How Does Support Vector Machine (SVM) Algorithm Work?

In this blog, I am going to capture important points about Support Vector Machine (SVM) Algorithm. It helps me to prepare for Data Science Interview.

  • Ability to solve complex machine learning problems, numerous other advantages over other classification problems, such as the ability to deal with large data sets, classifying nonlinearly separable data, etc.
  • It is important to remember that SVMs belong to the class of linear machine learning models (logistic regression is also a linear model).
  • To summarize, SVMs are linear models that require numeric attributes. In case the attributes are non-numeric, you need to convert them to a numeric form in the data preparation stage.
  • Hyperplanes: It is a boundary which classifies the data. It could be lines, 2D planes, or even n-dimensional planes that are beyond our imagination.

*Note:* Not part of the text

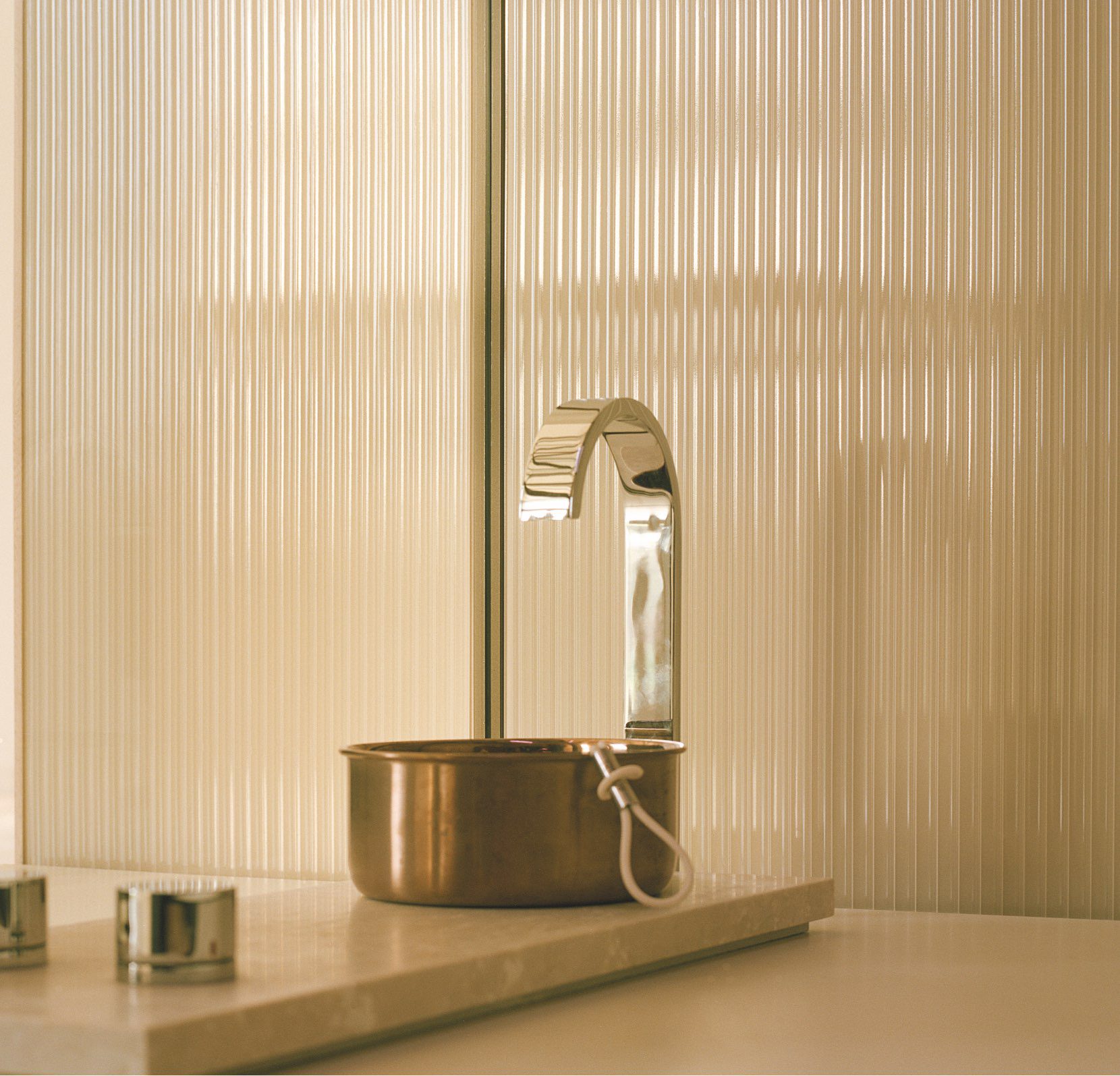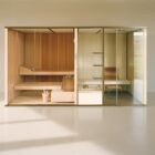 Personalise your private or public spa with BodyLove, a modular system that combines a sauna, Turkish bath and shower. The materials used in the Hammam are of outstanding quality: Champagne grès porcelain or fluted glass, white Corian® benches and teak accessories.

    • 2-dimensional hyperplane :
      • A line that is used to classify one class from another is also called a hyperplane.
      • W0+W1x1+W2x2=0, where x1 and x2 are the features, W1 and W2 are the coefficients
    • 3-dimensional hyperplane :
      • In 3 dimensions), the hyperplane will be a plane with an expression of ax+by+cz+d = 0. The plane divides the data set into two halves. Data points above the plane represent one class, while data points below the plane represent the other class.
      • In general, if you derive the d-dimensional hyperplane from d attributes, you can write the expression as follows:
  • Linear discriminator.
    • Similar to the 2D and 3D expressions, an n-dimensional hyperplane also follows the general rule: all points above the plane will yield a value greater than 0, and those below it will yield lesser than 0 when plugged into the expression of the hyperplane.
  • Maximal Margin Classifier: optimum hyperplane.
    • There could be multiple lines (hyperplanes) possible, which perfectly separate the two classes. But the best line is the one that maintains the largest possible equal distance from the nearest points of both the classes. So for the separator to be optimal, the margin — or the distance of the nearest point to the separator — should be maximum. This is called the Maximal Margin Classifier.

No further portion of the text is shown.